Rejim ile protestocular arasındaki en temel problematik, teokratik cumhuriyet yönetim şekli olmuştur. Çünkü, teokratik yönetim, dini normlar çerçevesinde siyasi politikalar üretebilmekte ve bu çerçevenin dışına çıkamamaktır. İran rejiminin protestolara yönelik tüm baskılarına rağmen, protestocuların bu baskılar karşısında istikrarlı bir şekilde eylemlerine devam etmiştir. Bu vaziyete ve protestocuların seküler taleplerine ilişkin rejimin nasıl bir açılım yapacağı merak konusu olmuştu. Bu yönetimsel açmaz içerisinde rejim, halkın taleplerini ne dereceye kadar ve ne yönde karşılayabilecekti? Cevaplanması gereken kritik sorulardan biri olmuştu. Teokratik bir rejim, tabiatı itibariyle dini normlar çerçevesinde, protestocuların taleplerine yönelik nasıl bir açılım yapabilir?
Tüm bu sorular gölgesinde protestolar devam ederken İran Genel Başsavcısı Muhammed Cafer Muntazeri, İrşad Devriyesinin lağvedildiğini duyurdu. Alınan bu karardan birkaç gün önce Muntazeri tarafından yapılan açıklamada Meclis ve Devrim Yüksek Konseyi’nin başörtüsü konusunda çalışma yürüttüğünü ve 15 gün içerisine bu çalışmanın sonuçlanacağı şeklinde açıklama yapmıştı. Bu açıklamadan birkaç gün sonra İrşad Devriyesinin kaldırıldığı açıklandı. Mahsa Amini’nin hayatını kaybetmesinin ardından hem dünya çapında hem ülke çapında tepkileri üzerine çeken İran hükümetinin aldığı bu karar oldukça geniş yankı uyandırdı. 2005 yılında kurulan İrşad Devriyesi dönemi kapanmış, yani sokaktaki hicap denetçileri artık sokaktan çekilmiştir.
Hamshahri Online haberine göre, İran Genel Başsavcısı Muhammed Cafer Muntazeri, "Hibrit Savaşın Boyutlarının Açıklanması" konulu toplantıda katılımcıların birinin İrşad Devriyesinin neden kapatıldığına ilişkin sorusunu şu şekilde cevapladı: "Ahlak polisinin yargı erki ile hiçbir ilişkisi olmadığı gibi, geçmişte nerede kurulduysa orada kapatılmıştır. Tabii ki, yargı topluluk düzeyinde davranışsal eylemleri izlemeye devam ediyor." Muntazeri, konuşmasının devamında "Ülkenin Başsavcısı olarak, asıl sorunlarla baş etmekte yetersiz kalmayacağımıza dair kamuoyuna söz veriyorum." şeklinde ifadede bulunmuştur. İran'ın, Ittehad Mellat Partisi Genel Sekreteri Azar Mansuri, bir grup siyasi aktivistle birlikte Yüksek Ulusal Güvenlik Konseyi sekreteri Ali Shamkhani ile bir araya gelmiştir. Bu toplantıda rehberlik devriyeleri konusuna değinen Mansuri, "Bu giyim benim seçimim olduğu gibi, başkalarına da seçme hakkı tanınmalı." şeklinde bulunmuştur.

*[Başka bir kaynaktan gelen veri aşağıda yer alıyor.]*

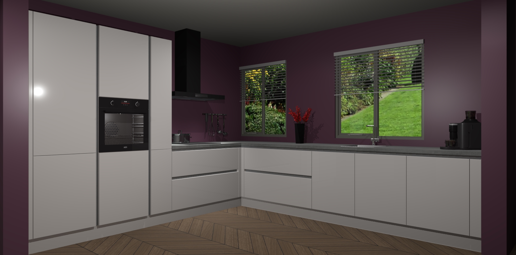 Welkom bij de Zijdegrijze hoogglans keuken Palermo. Deze prachtige keuken zal de komende jaren het middelpunt van de belangstelling in uw huis zijn. Uitgerust met vijf inbouwapparaten komt u nooit kookgereedschap tekort. Bovendien geeft de warme houtlook elke ruimte een uitnodigende en tijdloze uitstraling.

İrşad Devriyesinin kaldırılması ile birlikte bu ve benzeri açıklamalar hükümet yetkililerinin protestolar bakış açısının değiştiğinin göstergesidir. Daha önce salt ulusal güvenlik zemininde değerlendirilen protestolara yönelik bakış açısı hem protestocularla rejim arasındaki diyalog köprüsünü koparmakta hem de protestoları çıkış noktasından uzaklaştıracak farklı eğilime sahip grupların katılması ile protestoların evrilmesine sebep olacak açıklar yaratmaktadır. İran hükümetinin bu adımı, köklü bir değişimin kapısını aralayacak bir adım olmasa dahi iletişim kurmak için bir başlangıç, gelecekteki politik iyileştirmelerin ön adımı olarak değerlendirilebilir.